Novel ligands designed to activate mu opioid receptors and provide analgesic effects without opioid-related side effects, providing specific insight into the cellular impact of opioid receptor-based activation as related to pain medications. These ligands could be used as a tool to negate drug tolerance and dependence as well as other adverse side effects.
Opioid drugs are widely used for the management of severe or chronic pain. Although highly effective, opioid-based analgesics are associated with a plethora of side effects including sedation, constipation, respiratory depression as well as tolerance and dependence. The mechanism for opioid-based analgesia has been defined in the literature but the pathways involved in the aforementioned side effects are not well understood.
Develop new drugs for the management of severe or chronic pain, elucidate the role of mu opioid receptors with regard to specific analgesic effects (blocking of neurotransmitters) versus downstream cellular events that contribute to drug tolerance and dependence, as well as other side effects including respiratory depression and constipation.
These ligands were designed to bind to opioid receptors on the surface of nerve cells and block the transmission of pain signals as in the case of opioid-based drug compounds. Furthermore, these ligands activate opioid receptors without recruiting beta-arrestin-2, which is thought to be involved in tolerance, constipation, and respiratory suppression associated with opioid pain medications.

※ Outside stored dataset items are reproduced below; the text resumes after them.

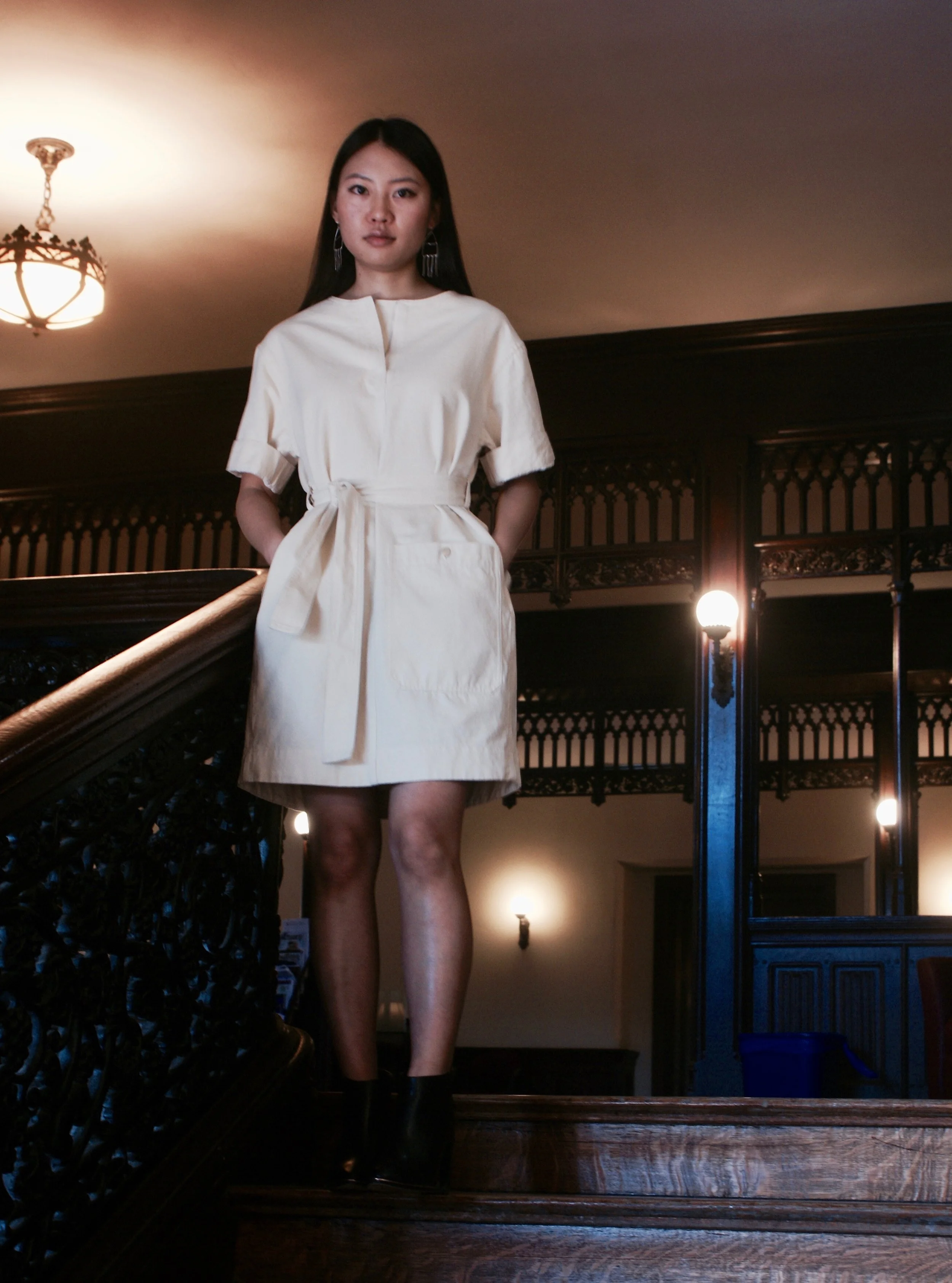 A canvas dress from Uniqlo’s Uniqlo U line. I liked that the neckline and the pocket made it look a little 60’s retro. The boots are Ted Baker. Every year or two I buy a new pair with a slightly higher heel but otherwise exactly the same. They’re just easy to wear since I’m lazy.
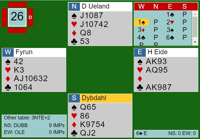 Ved det andre bordet åpnet som du ser lag OLE sin øst (Harald Eide) med 1 kløver og fikk 1 spar fra vest (Kjell Gaute Fyrun). De spiller med såkalte «kløverføringer», så 1 ruter og 1 hjerter i svar viser henholdsvis hjerter og spar. Svaret 1 spar viser enten et 1 grand-svar (1NT direkte er 10-12), eller ruterfarge. Øst reverserte med 2 hjerter. Vest forsøkte å vise hånden sin med 3 ruter, og øst gikk videre med 3 spar. Da var vest sin hånd blitt god i kløverkontrakt, og han sa 4 kløver. Det var nok for Eide som satset på slem.
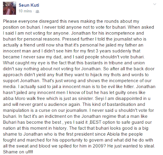 Seun Kuti denies saying people shouldn’t vote for Buhari
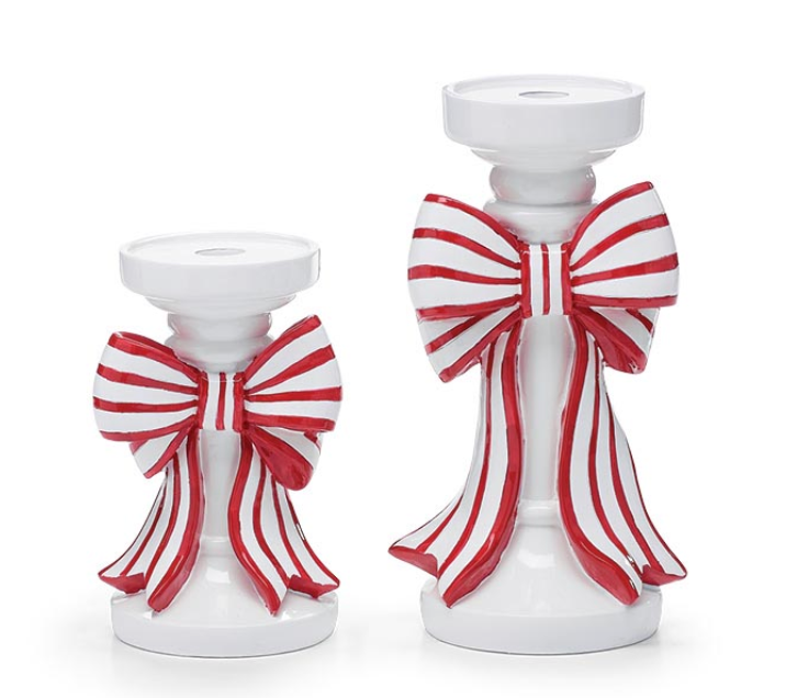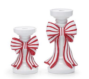 Light up your holiday gatherings with the Red & White Bow Candle Holder, Large. Its cheerful color and bold bow design create a festive focal point on any table.
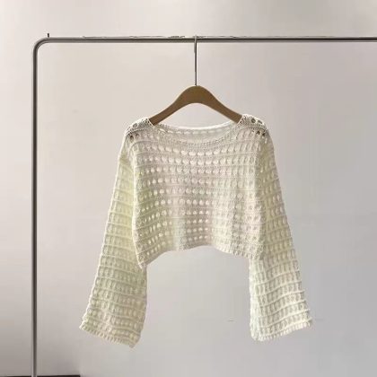 2024 Spring and Summer New French Short Long-sleeved Hollow Knitted Sweater Women's Design Sense Thin Sunscreen Blouse Top

Specificity and selectivity for mu opioid receptors in vitro and in vivo. Potent analgesic effect when administered in vivo in an animal model. Reduced side effects in comparison to morphine: no tolerance or dependence and reduced motor impairment. Could ultimately allow for the development of new medications for the treatment of severe or chronic pain without the propensity for developing tolerance or dependence.
The widespread use of opioid medications is largely attributed to the comorbidity of chronic pain with several major conditions including cancer, arthritis, and diabetes. In addition, the widespread use of prescription opioids has correlated with significant tolerance and dependence. The technology described herein could serve as a tool for distinguishing between the analgesic effects of opioid-receptor stimulation versus downstream events that are responsible for the adverse and unwanted effects of opioid medications.